Exercise brief
All entries must be repeated exactly; do not include the pictures.

== Segment start ==

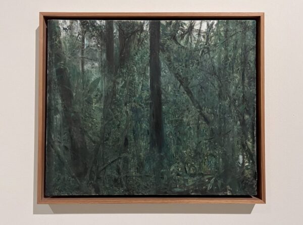 The rooms are filled with the aroma of fresh paint. White walls hold small, picturesque works that transport visitors to the forests they portray. Pops of green and stem-shaped drawings encourage viewers to sit, observe, and rethink land conservation. Spread across four rooms, the exhibition creates a layered sensory journey. The first three spaces are bright with big white walls featuring small-scale paintings, charcoal works on canvas, and pages from Mellin’ssketchbooks. Each piece reflects her fieldwork-based practice art created while immersed in nature, from Australia to the rainforests of Peru.
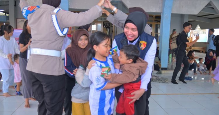 Kabid Humas Polda Jabar Kombes Pol. Hendra Rochmawan, S.I.K., M.H. menyampaikan bahwa kehadiran Polwan di lokasi pengungsian merupakan wujud kepedulian Polri terhadap masyarakat, khususnya anak-anak.
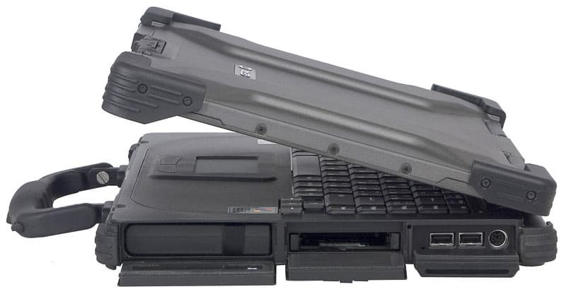 Выглядит ноутбук очень эффектно. В каком-нибудь полуфантастическом шпионском боевике типа Mission Impossible N+1 он выглядел бы вполне органично. Корпус производит ощущение надежности и солидности. Все разъемы закрыты резиновыми заглушками, сменные устройства — крышками с уплотнением.
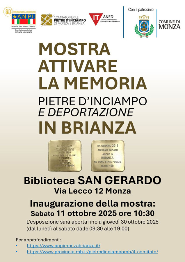Vi invitiamo a visitare la mostra "Attivare la Memoria", che sarà esposta dall'11 al 30 ottobre presso la sala della biblioteca "San Gerardo" in via Lecco 12 a Monza.
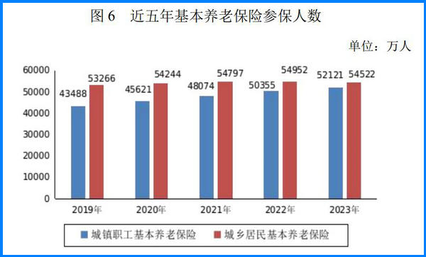 年末全國(guó)參加城鄉(xiāng)居民基本養(yǎng)老保險(xiǎn)人數(shù)54522萬(wàn)人, 其中實(shí)際領(lǐng)取待遇人數(shù)17268萬(wàn)人。
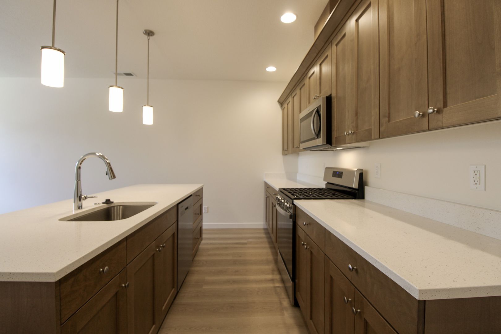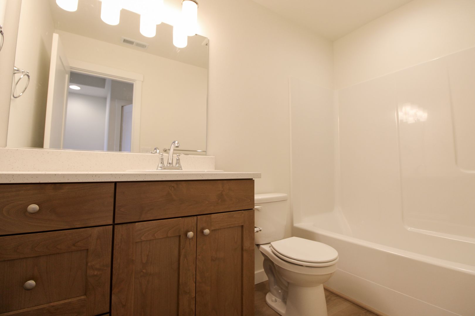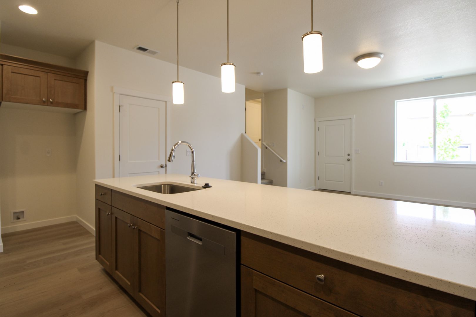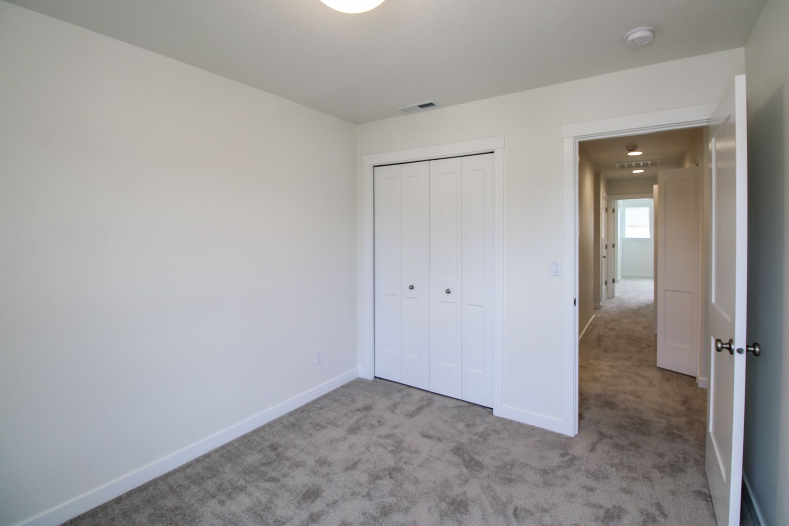 This townhome style unit features LVP flooring, stainless steel appliances (refrigerator, stove/oven, dishwasher, microwave) and quartz countertops. The living area, kitchen, and garage entrance are on the main floor. The half bathroom is located off the stairway landing. The bedrooms and full bathrooms are located upstairs. The primary bedroom has vaulted ceilings and two closets! There is a spacious closet off of the attached bathroom with a double vanity. Other features of the unit include a washer/dryer, a sliding glass door to the fenced patio area, forced air heat/AC, and an attached two car garage.
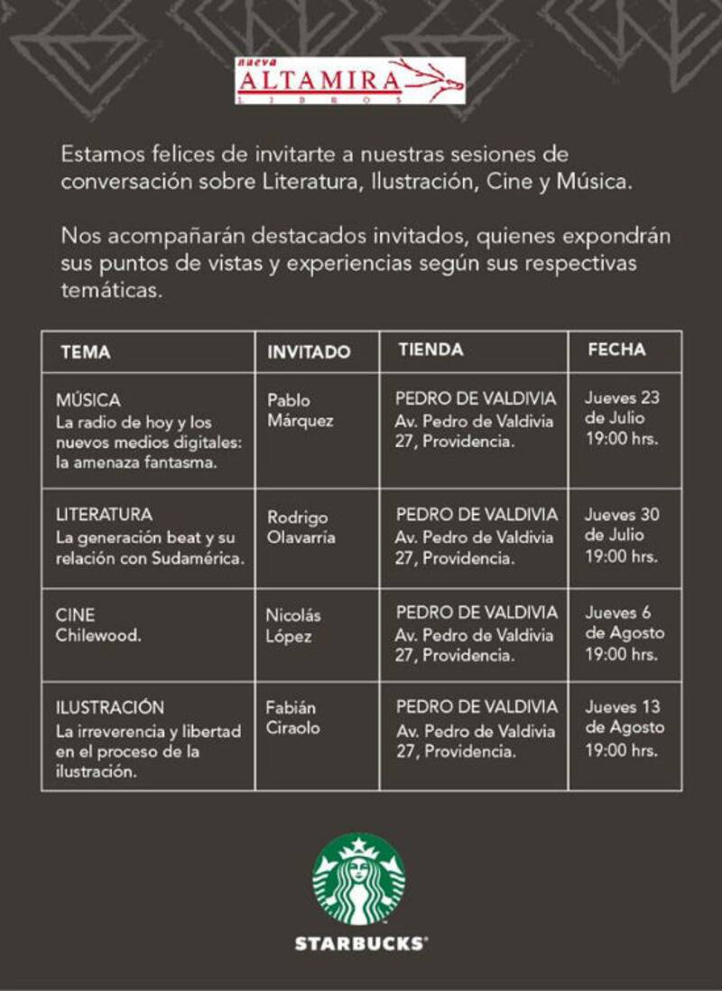 Serán cuatro charlas dictadas durante cuatro jueves seguidos en el local de Starbucks en Pedro de Valdivia, que abordarán temas de música, literatura, cine e ilustración, bajo la visión de expositores que han vivido directamente el impacto de sus áreas. "Son temas que son muy cercanos a nosotros. Nos interesa y tenemos muchos libros que tienen que ver con la música, la generación beat o el cine. Pero, para esto, quisimos llevar los tópicos a un espacio distinto, ameno, que permitiera a la gente socializar y discutirlos en un ambiente grato", dice Gaspar García, jefe de tienda de Nueva Altamira.
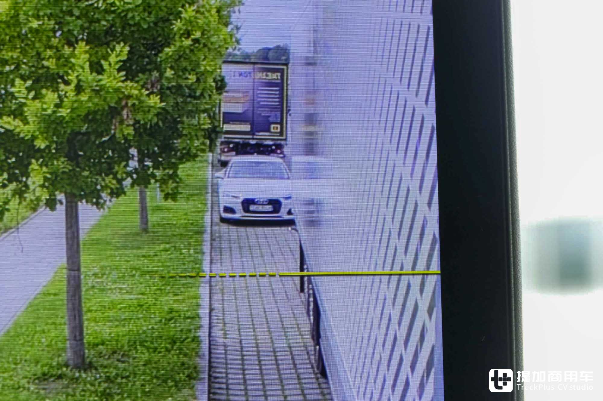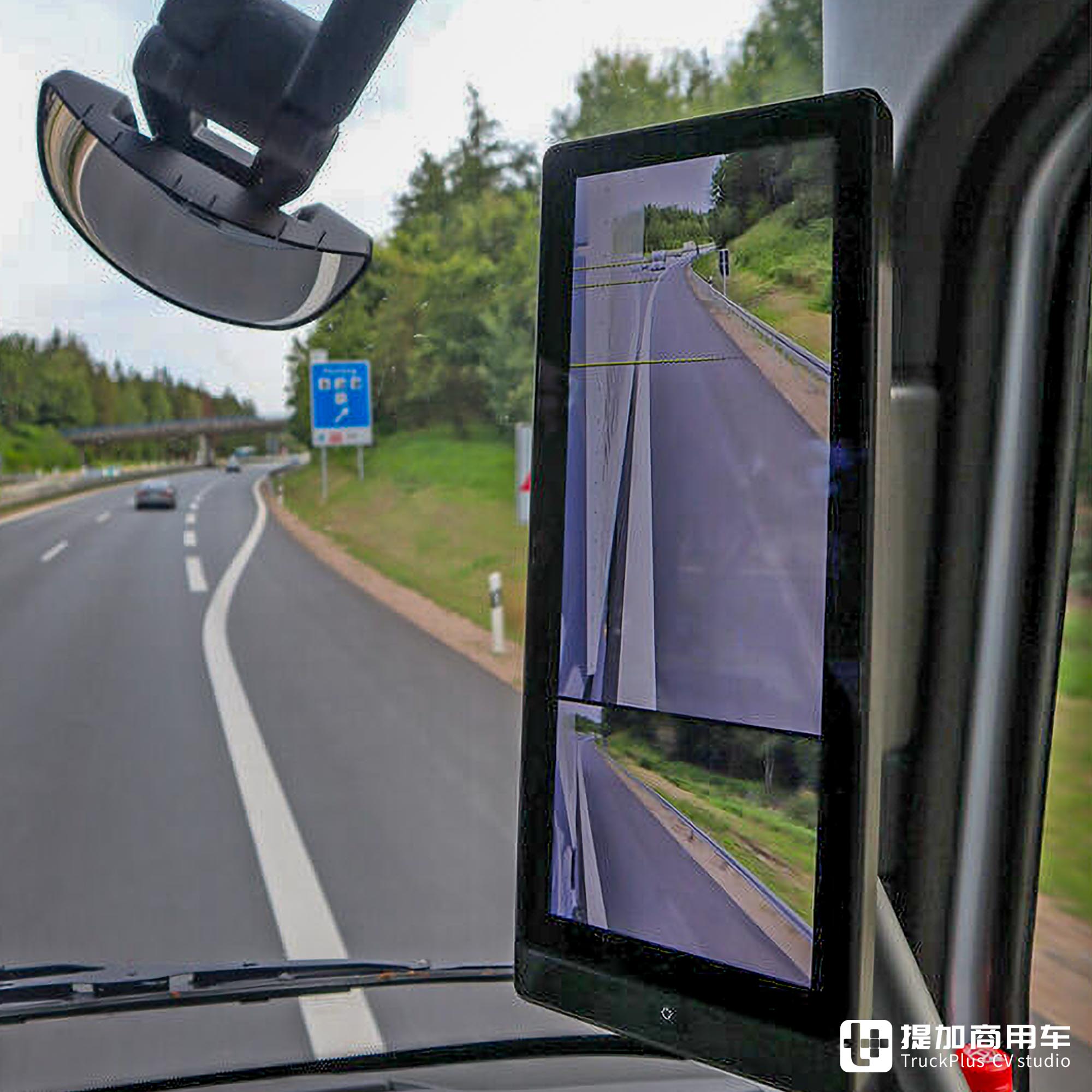 不同于传统光学后视镜而言,电子后视镜画面的立体感要略逊一筹。正是因此,沃尔沃FH Aero的电子后视镜画面上设计有可调标线,用于指出车尾位置,进而便于操控车辆,类似的设计也能够在其他友商产品上找到。
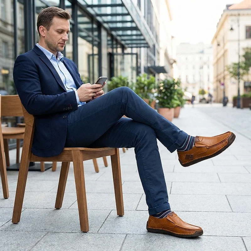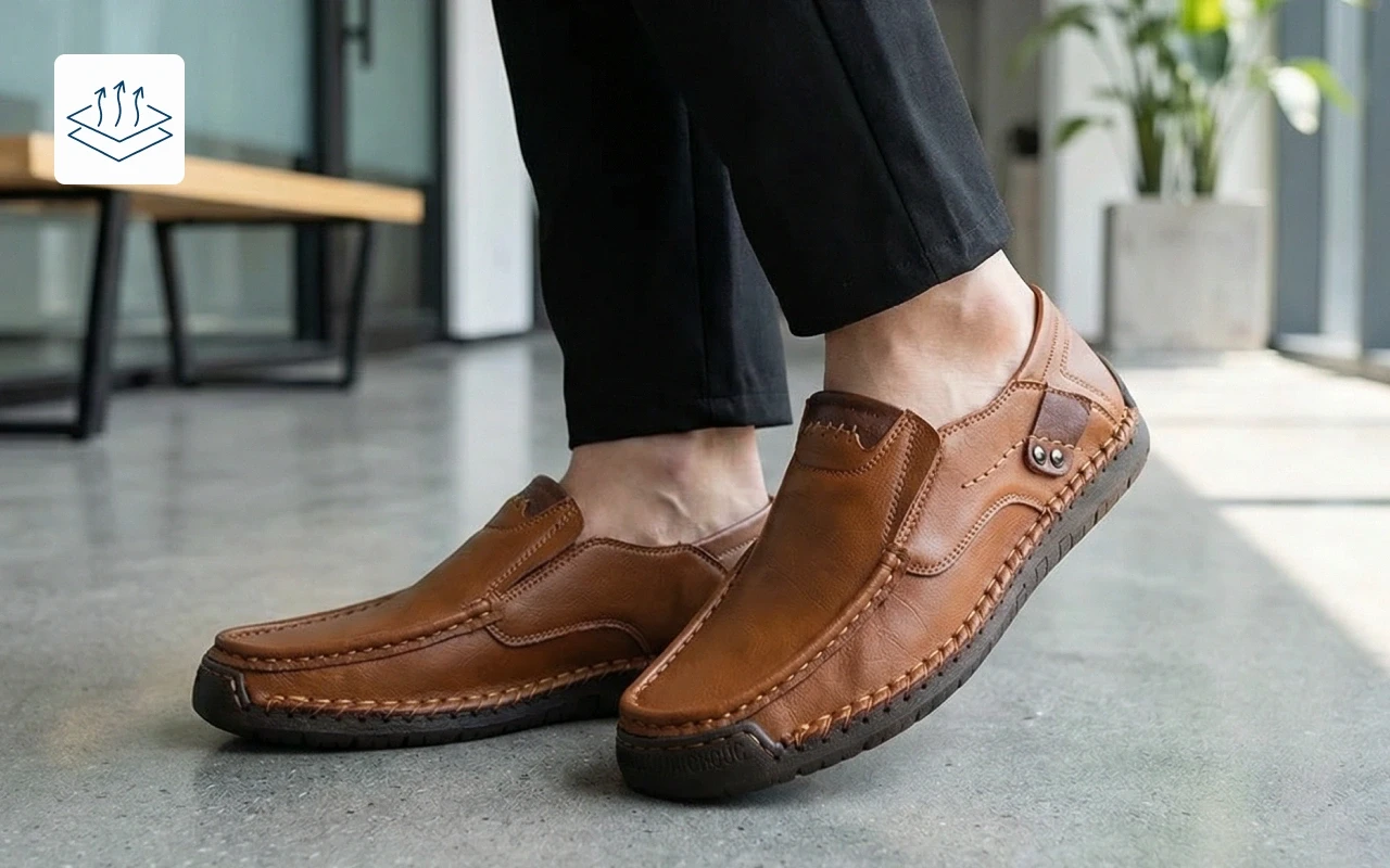Ortorex loafere gir enestående komfort gjennom hele den travle dagen. Lett design bidrar til at føttene føles friske og avslappede. Fleksible såler gir smidig bevegelse på byens gater eller innendørs. Slip-on-stilen sparer verdifulle minutter når du skal ut.
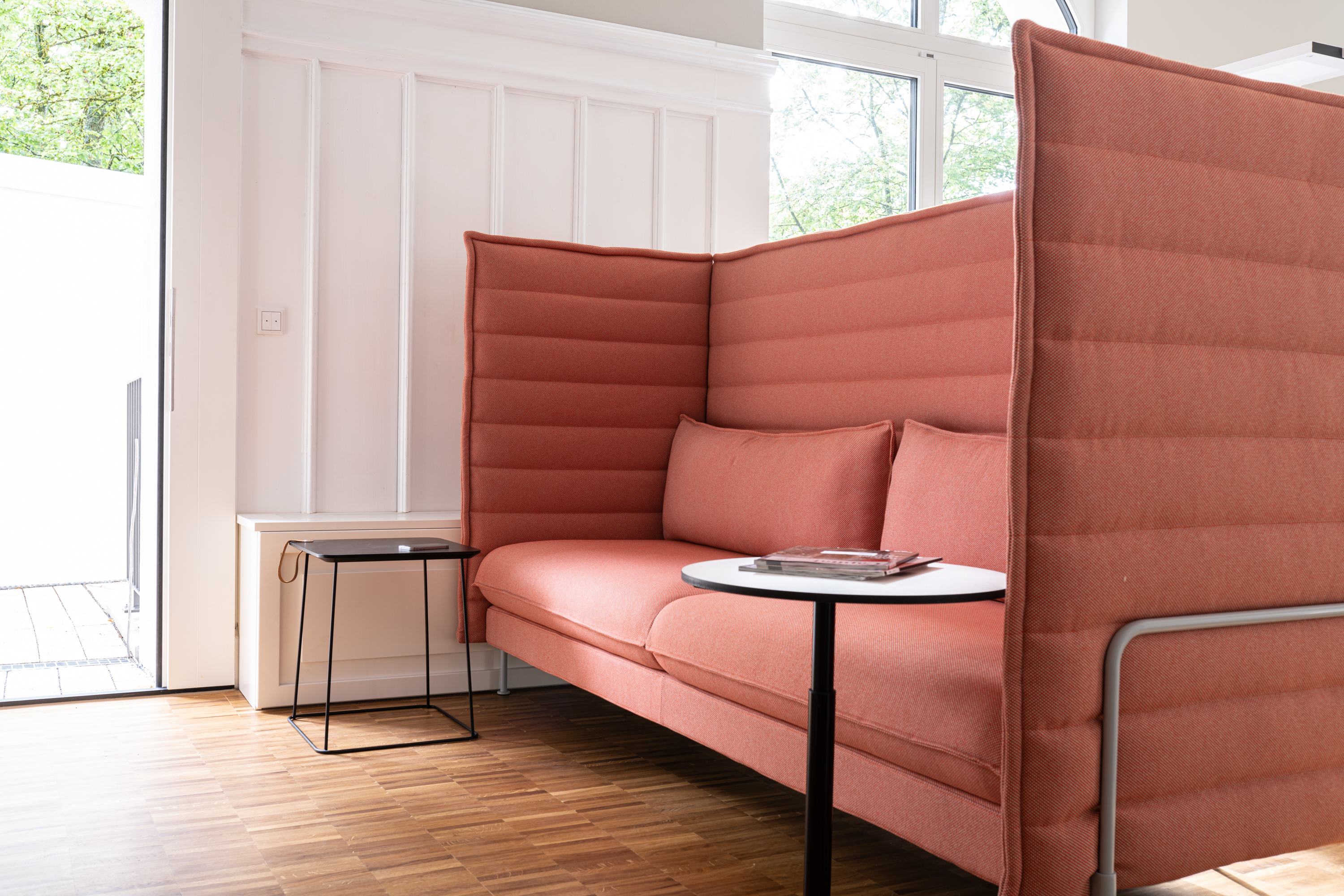 Ein 76’’-Präsentations-TV mit AppleTV und Apple AirPlay, Küchennutzung, Tee und Kaffee sind die Grundpfeiler für den starken Auftritt vor dem Kunden. Mit Platz für bis zu 6 Personen hast du hier auch die Möglichkeit Workshops zu geben.
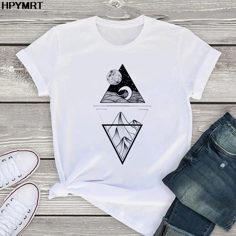 Летние топы; Эстетическая Футболка с принтом горы; Женская Винтажна...
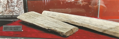 展柜中看似普通的兩塊木頭,實為文物“消息樹”。樹皮上,“中國報”等字跡仍能辨認(rèn)。
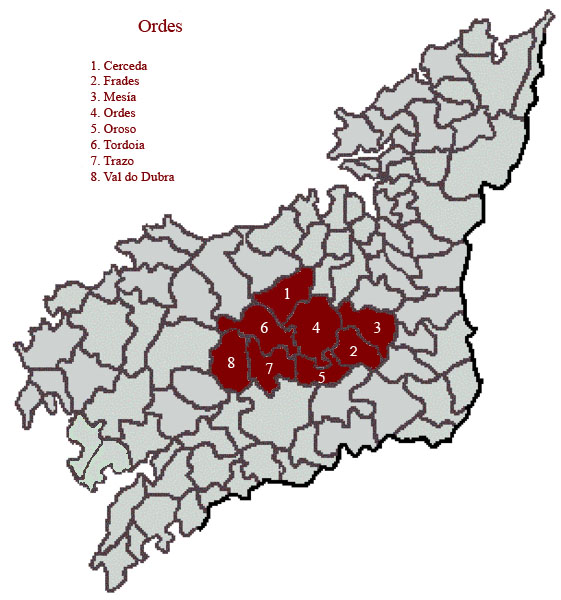 Ardemil (San Pedro) Barbeiros (Santa María) Beán (Santa María) Buscás (San Paio) Leira (Santa María) Lesta (Santo André) Mercurín (San Clemente) Ordes (Santa María) Parada (Santa Mariña) Pereira (Santaia) Poulo (San Xulián) Santa Cruz de Montaos (Santa Cruz) Vilamaior (Santiago)

== Segment end ==

Exercise response
 The rooms are filled with the aroma of fresh paint. White walls hold small, picturesque works that transport visitors to the forests they portray. Pops of green and stem-shaped drawings encourage viewers to sit, observe, and rethink land conservation. Spread across four rooms, the exhibition creates a layered sensory journey. The first three spaces are bright with big white walls featuring small-scale paintings, charcoal works on canvas, and pages from Mellin’ssketchbooks. Each piece reflects her fieldwork-based practice art created while immersed in nature, from Australia to the rainforests of Peru.
 Kabid Humas Polda Jabar Kombes Pol. Hendra Rochmawan, S.I.K., M.H. menyampaikan bahwa kehadiran Polwan di lokasi pengungsian merupakan wujud kepedulian Polri terhadap masyarakat, khususnya anak-anak.
 Выглядит ноутбук очень эффектно. В каком-нибудь полуфантастическом шпионском боевике типа Mission Impossible N+1 он выглядел бы вполне органично. Корпус производит ощущение надежности и солидности. Все разъемы закрыты резиновыми заглушками, сменные устройства — крышками с уплотнением.
Vi invitiamo a visitare la mostra "Attivare la Memoria", che sarà esposta dall'11 al 30 ottobre presso la sala della biblioteca "San Gerardo" in via Lecco 12 a Monza.
 年末全國(guó)參加城鄉(xiāng)居民基本養(yǎng)老保險(xiǎn)人數(shù)54522萬(wàn)人, 其中實(shí)際領(lǐng)取待遇人數(shù)17268萬(wàn)人。
 This townhome style unit features LVP flooring, stainless steel appliances (refrigerator, stove/oven, dishwasher, microwave) and quartz countertops. The living area, kitchen, and garage entrance are on the main floor. The half bathroom is located off the stairway landing. The bedrooms and full bathrooms are located upstairs. The primary bedroom has vaulted ceilings and two closets! There is a spacious closet off of the attached bathroom with a double vanity. Other features of the unit include a washer/dryer, a sliding glass door to the fenced patio area, forced air heat/AC, and an attached two car garage.
 Serán cuatro charlas dictadas durante cuatro jueves seguidos en el local de Starbucks en Pedro de Valdivia, que abordarán temas de música, literatura, cine e ilustración, bajo la visión de expositores que han vivido directamente el impacto de sus áreas. "Son temas que son muy cercanos a nosotros. Nos interesa y tenemos muchos libros que tienen que ver con la música, la generación beat o el cine. Pero, para esto, quisimos llevar los tópicos a un espacio distinto, ameno, que permitiera a la gente socializar y discutirlos en un ambiente grato", dice Gaspar García, jefe de tienda de Nueva Altamira.
 不同于传统光学后视镜而言,电子后视镜画面的立体感要略逊一筹。正是因此,沃尔沃FH Aero的电子后视镜画面上设计有可调标线,用于指出车尾位置,进而便于操控车辆,类似的设计也能够在其他友商产品上找到。
Ortorex loafere gir enestående komfort gjennom hele den travle dagen. Lett design bidrar til at føttene føles friske og avslappede. Fleksible såler gir smidig bevegelse på byens gater eller innendørs. Slip-on-stilen sparer verdifulle minutter når du skal ut.
 Ein 76’’-Präsentations-TV mit AppleTV und Apple AirPlay, Küchennutzung, Tee und Kaffee sind die Grundpfeiler für den starken Auftritt vor dem Kunden. Mit Platz für bis zu 6 Personen hast du hier auch die Möglichkeit Workshops zu geben.
 Летние топы; Эстетическая Футболка с принтом горы; Женская Винтажна...
 展柜中看似普通的兩塊木頭,實為文物“消息樹”。樹皮上,“中國報”等字跡仍能辨認(rèn)。
 Ardemil (San Pedro) Barbeiros (Santa María) Beán (Santa María) Buscás (San Paio) Leira (Santa María) Lesta (Santo André) Mercurín (San Clemente) Ordes (Santa María) Parada (Santa Mariña) Pereira (Santaia) Poulo (San Xulián) Santa Cruz de Montaos (Santa Cruz) Vilamaior (Santiago)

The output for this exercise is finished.